Angesichts dieses Szenarios scheint es plausibel, dass jeder, der ein Tasteninstrument besaß , wahrscheinlich kompetent darin war, es zu spielen und auch zu komponieren - diejenigen ohne Begabung oder Interesse würden wahrscheinlich nicht mit dem Äquivalent von "Fur Elise" "versuchen".

Diese Annahmen scheinen mit Anekdoten über die Interaktionen professioneller Komponisten und Interpreten mit ihren "Amateur"-Gönnern übereinzustimmen - zB Goldberg (plus eine Auswahl der zahlreichen deutschen Aristokratie) und Bach oder die verschiedenen Gönner von Beethoven, die großangelegte Solokonzerte hatten ihnen gewidmete Klavierwerke.

Um ein weiteres Beispiel zu nennen: Haydn verbrachte den größten Teil seines Arbeitslebens (bevor er zu einer internationalen Berühmtheit wurde) mit dem „offiziellen“ Posten eines Dieners im Haushalt eines Prinzen – aber dieser Prinz finanzierte sein eigenes Privatorchester und baute seine eigene Oper Haus! Bei dieser Größenordnung der Ausgaben für Musik wären die Kosten für ein Tasteninstrument natürlich nicht sehr bedeutend gewesen.
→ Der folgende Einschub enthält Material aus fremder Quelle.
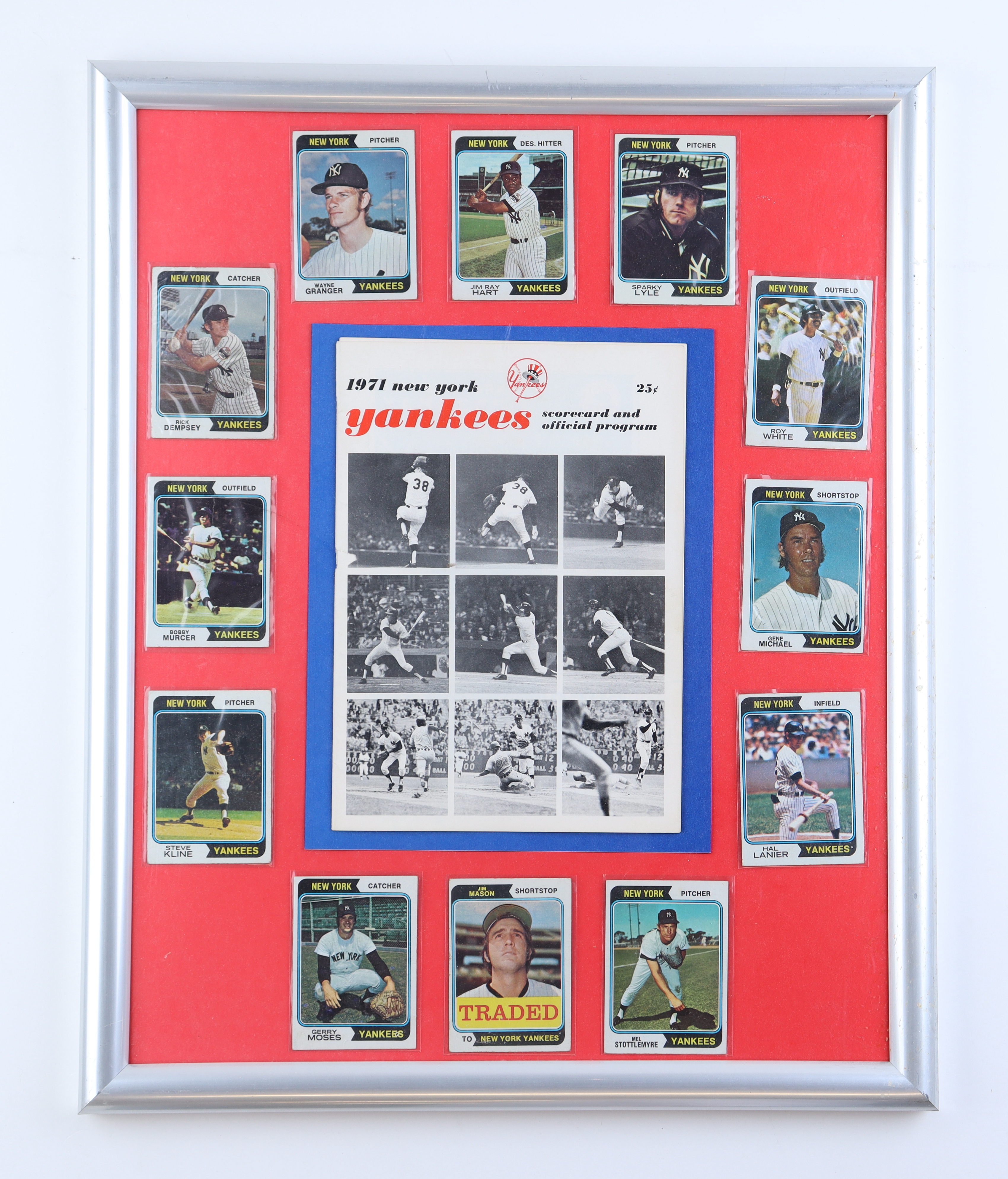 1971 Yankees Custom Framed Scorecard & Official Program Display With (12) Yankees Trading Cards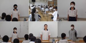 「ひと夏のおもひで」というテーマでスピーチを行っています。授業で取り組む初めてのスピーチですので、話しやすいテーマとはいえ、しっかりと原稿を書き、原稿を見ないで言えるように練習をして本番を迎えました。単なる夏休みの報告ではなく、各自が体験したことを具体的に語るとともに、そこから得た感動や自分の感想・意見を必ず入れるようにしていますので、それぞれ聞きごたえのあるスピーチに仕上がっています。今後は国語の授業だけでなく、HRや生命科、各授業内でもこういう機会を設け、スピーチ力、自己表現力の向上を図っていきます。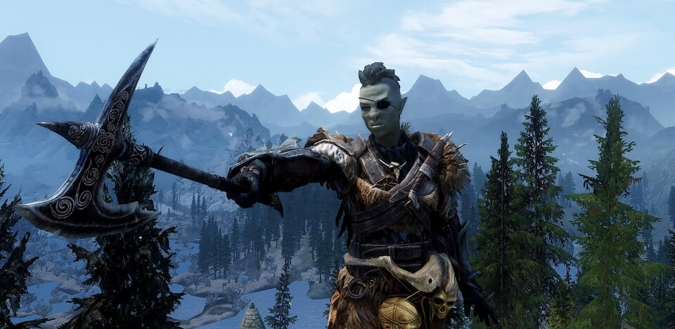 The one and only Dragonborn, when she isn't spending time as a bard. Once hated her werewolf curse, now embraces it.Lost an eye when she defeated Alduin, but doesn't mind all that much.

Im 19. Jahrhundert begannen sich die Dinge zu ändern - insbesondere waren die meisten Amateur-Keyboarder (vielleicht bis zu 80 %) Frauen, die auf das Einkommen ihres Mannes angewiesen waren. Aber das liegt außerhalb des Zeitrahmens des OP ...
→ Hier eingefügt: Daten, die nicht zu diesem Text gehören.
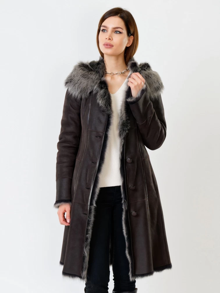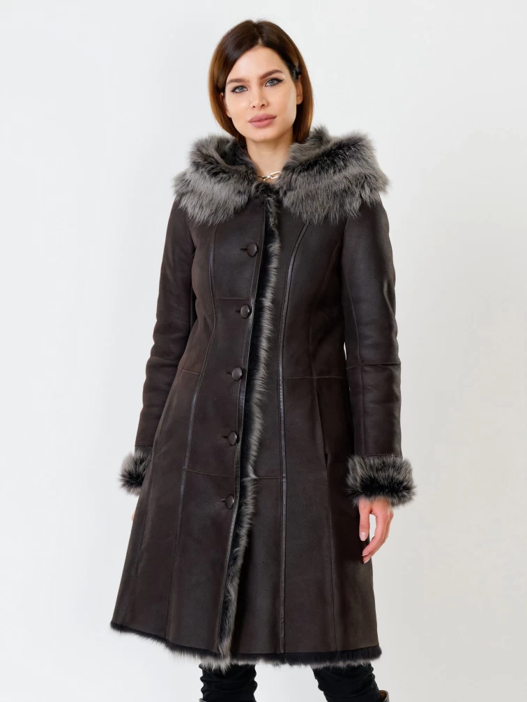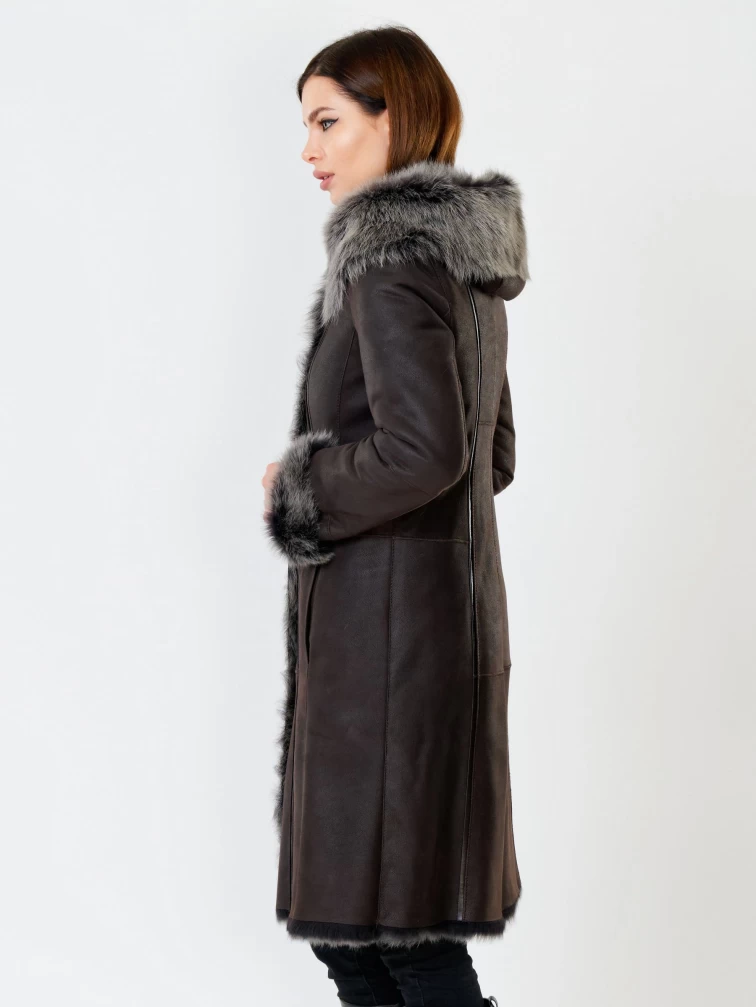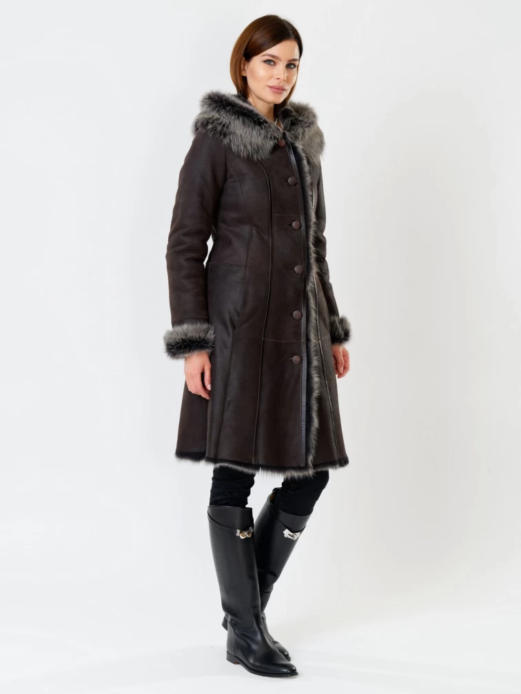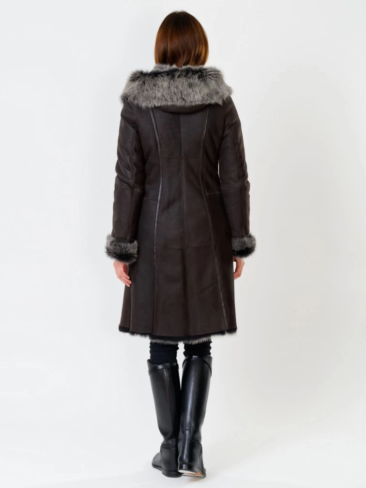 Длинная дублёнка с капюшоном из тосканской овчины. Роскошная полуприлегающая модель премиум-класса: густой нежнейший мех глубокого оттенк подарит королевское тепло даже в лютый мороз, а объёмный капюшон создаст уютный кокон от непогоды или элегантно ниспадет на плечи. Защитное покрытие убережёт от царапин, а идеальная посадка по фигуре, боковые карманы и длинный пояс подчеркнут силуэт — сочетайте с чёрными джинсами, вязаными платьями или кожаными брюками для безупречного зимнего образа! Преимущество: короткая длина, полуприлегающий крой - это мобильность для города и элегантность для вечера.

Wow. Das war eine interessante Lektüre
Kurz nach Beethovens Ära stellte die Massenproduktion alles auf den Kopf. Das „Salonklavier“ wurde allgegenwärtig, und eine ganze Klasse von Kindern wurde darauf eingestellt, es zu spielen. Von all diesen Kindern wurden einige natürlich ziemlich gut.
Um meiner eigenen Antwort leicht zu widersprechen, wurden in einigen Teilen Europas (insbesondere in den Niederlanden) Tasteninstrumente auch als "teure Möbel" und "Kunstwerke" geschätzt - genau wie die reichen Leute heute, die einen Steinway-Flügel kaufen, ihn aber nie spielen ! Künstler wie Reubens verdienten viel Geld mit der Bemalung der Gehäuse und Resonanzböden von Cembali sowie der Kunst, die zum Aufhängen an der Wand gerahmt wurde. Beispiele finden Sie unter pinterest.co.uk/pin/548383692098384345 .
Haben Sie einen Link zu diesen 1804-Daten? Ein ordentliches akustisches Piano würde mich heute noch ein paar Monatsgehälter kosten.